Carlyle-backed Assala Energy will take control of all of Shell's onshore oil and gas operations and related infrastructure in the African country, which produced around 41,000 barrels of oil equivalent per day (boepd) last year.
Around 430 local Shell employees will also become part of Assala once the deal is completed.
Assala, which is led by former Tullow Oil exec David Roux, will assume debt of $285m and will make additional payments of up to $150m depending on production performance and oil prices. Shell will book an impairment charge of $53m after tax, which will be taken in the first quarter of 2017.
Shell has worked in Gabon for the past 55 years, and Andy Brown, Shell's upstream director, said the decision to divest "was not taken lightly". The deal falls in line with Shell's plan to ditch $30bn worth of assets following the acquisition of BG Group last year.

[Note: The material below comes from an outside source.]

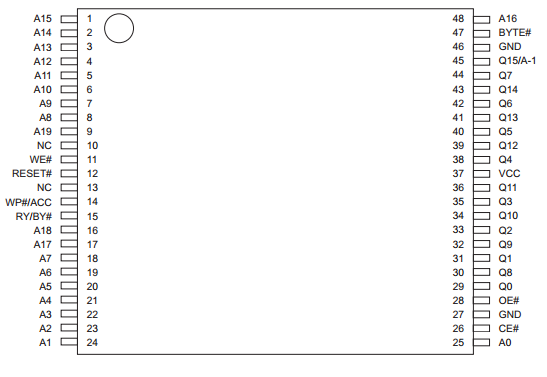 MX29LV60DBTI是16M-BIT的NOR Flash芯片,它的引脚如下图所示:
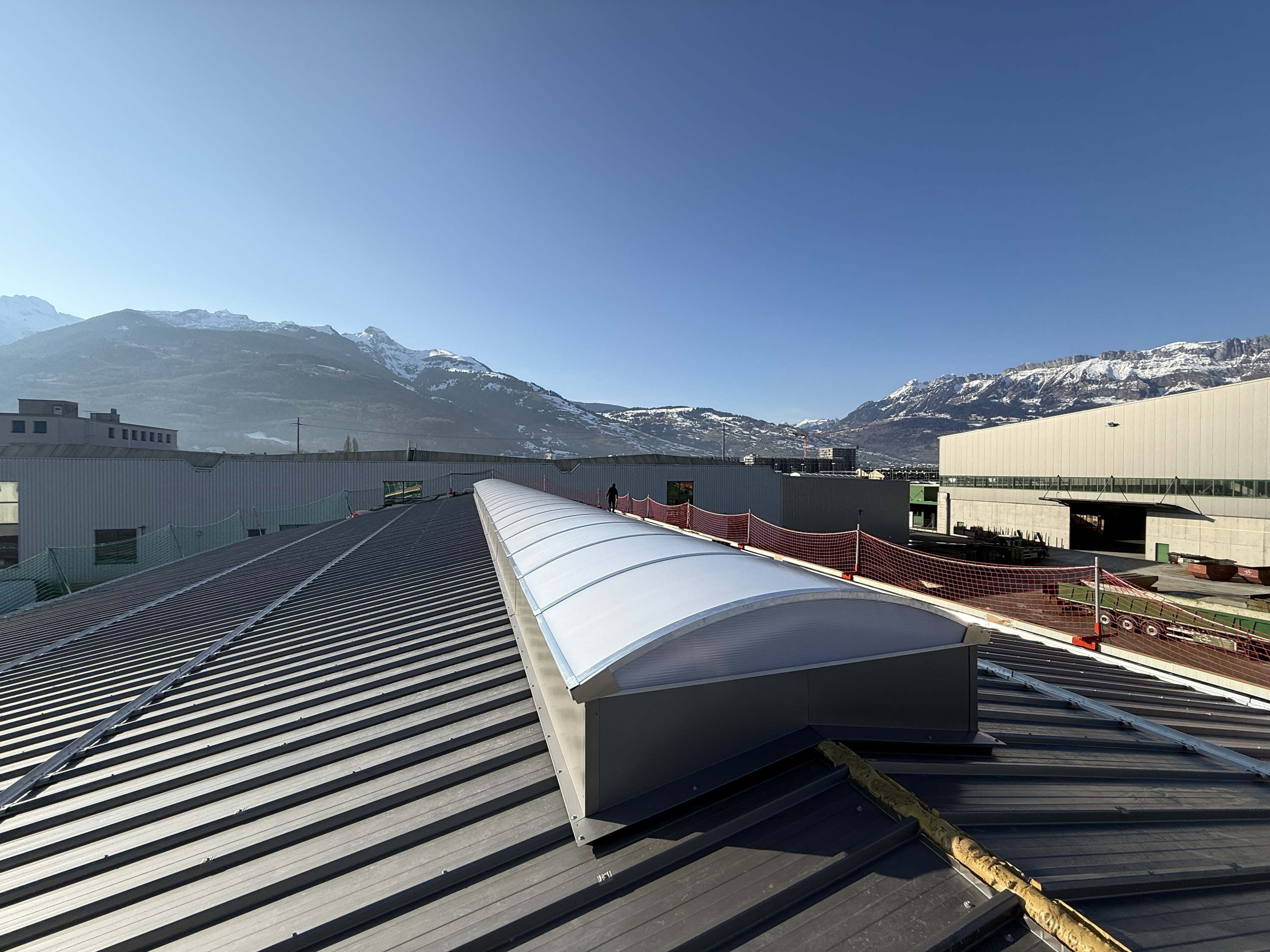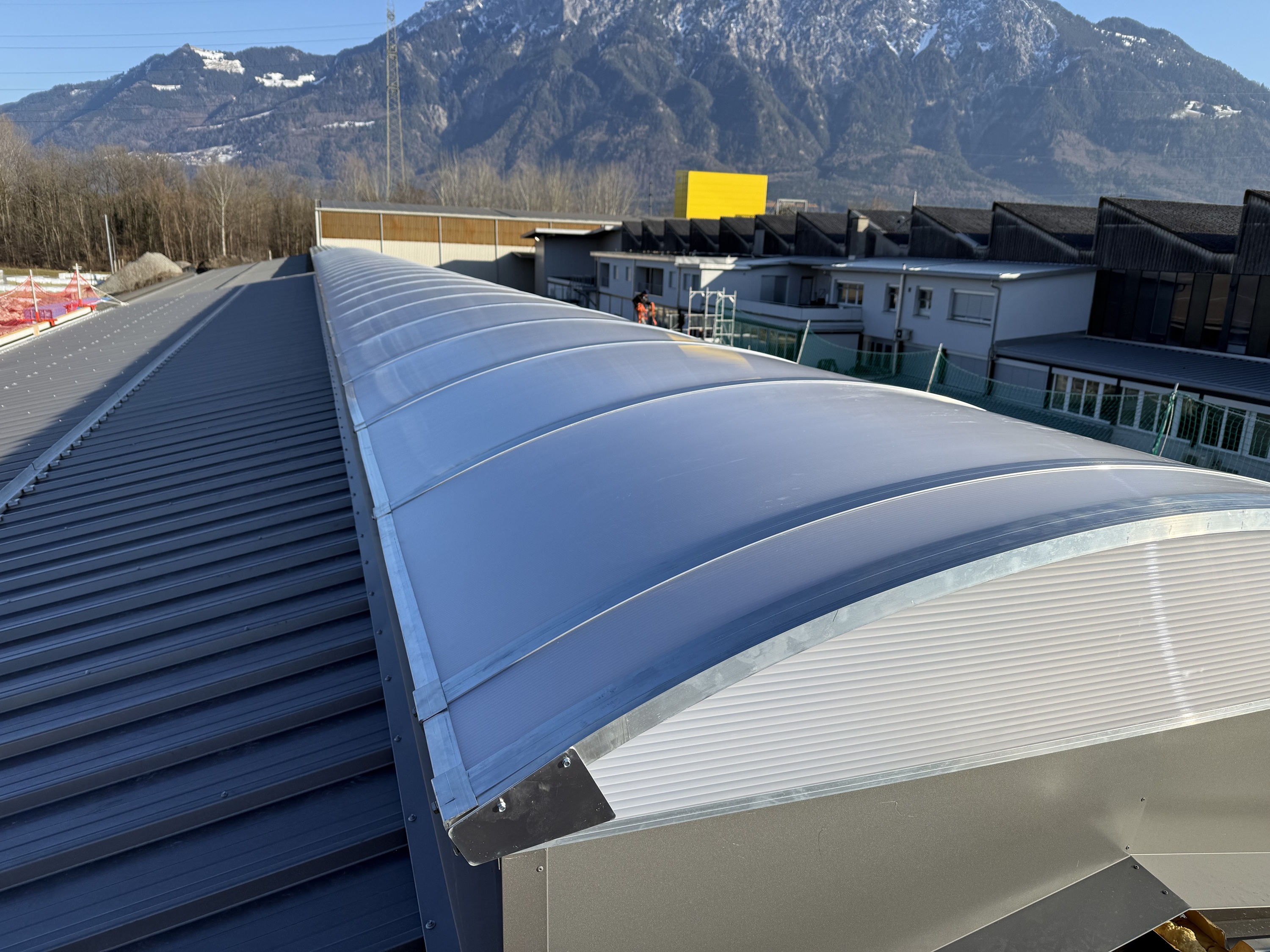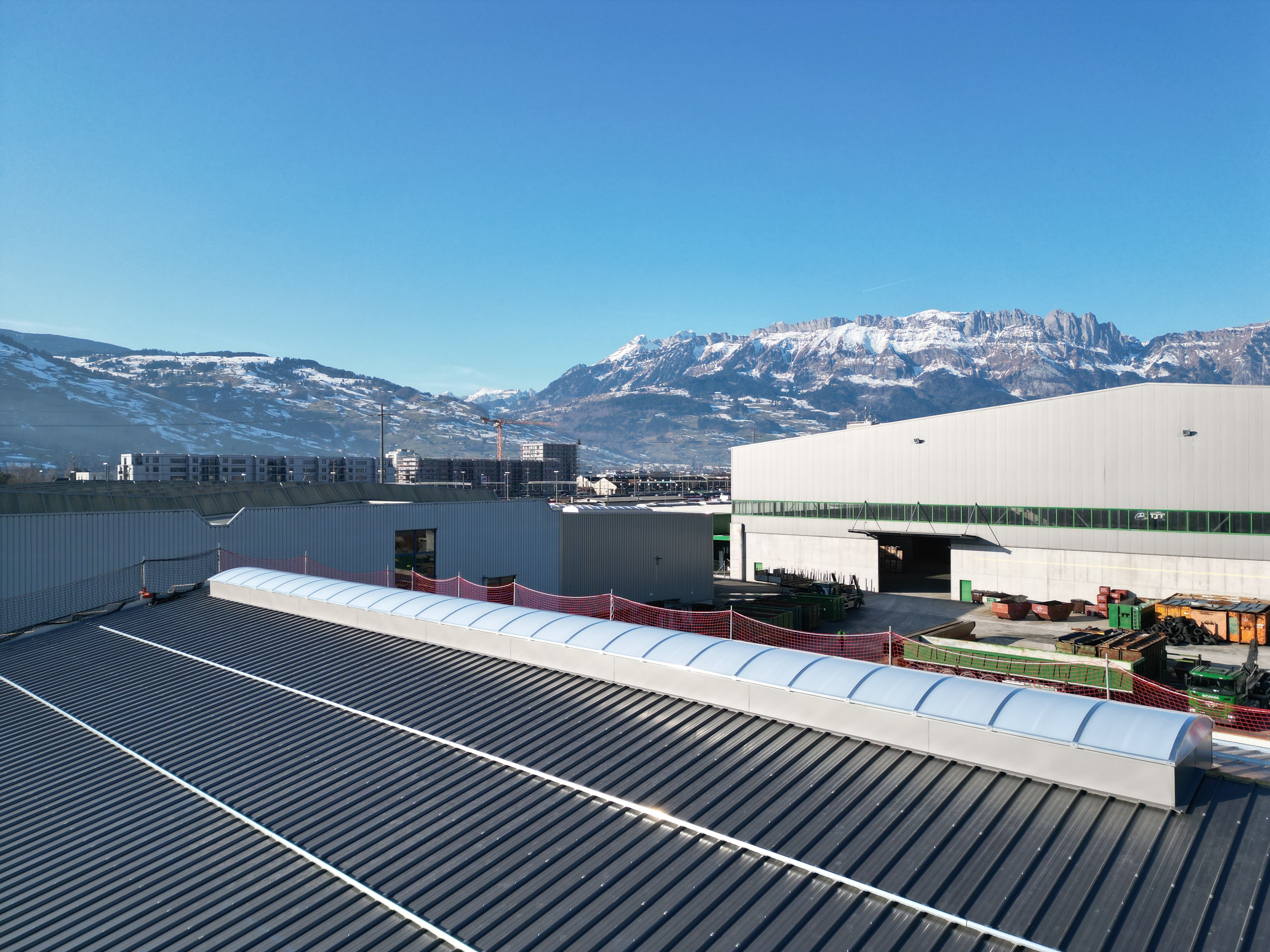Für die System Wolf AG wurde auf der Baustelle des Vereins für Abfallentsorgung Buchs ein hochwertiges Oberlichtsystem realisiert. Zum Einsatz kam ein tonnenförmiges, zweischaliges Lichtband mit einer Größe von 2.000 × 28.000 mm, das optimale Tageslichtverhältnisse in der Halle sicherstellt.

"Shell will continue to pursue opportunities in sub-Saharan Africa," Brown added.
Private equity investors are making a habit out of snapping up mature oil and gas fields from large, divestment-focused energy groups.
Carlyle, the world's largest private equity fund, will take capital from Carlyle International Energy Partners, a $2.5bn fund that invests in global oil and gas exploration and production, and the $698m Carlyle Sub-Saharan Africa Fund.
The deal is expected to close mid-2017.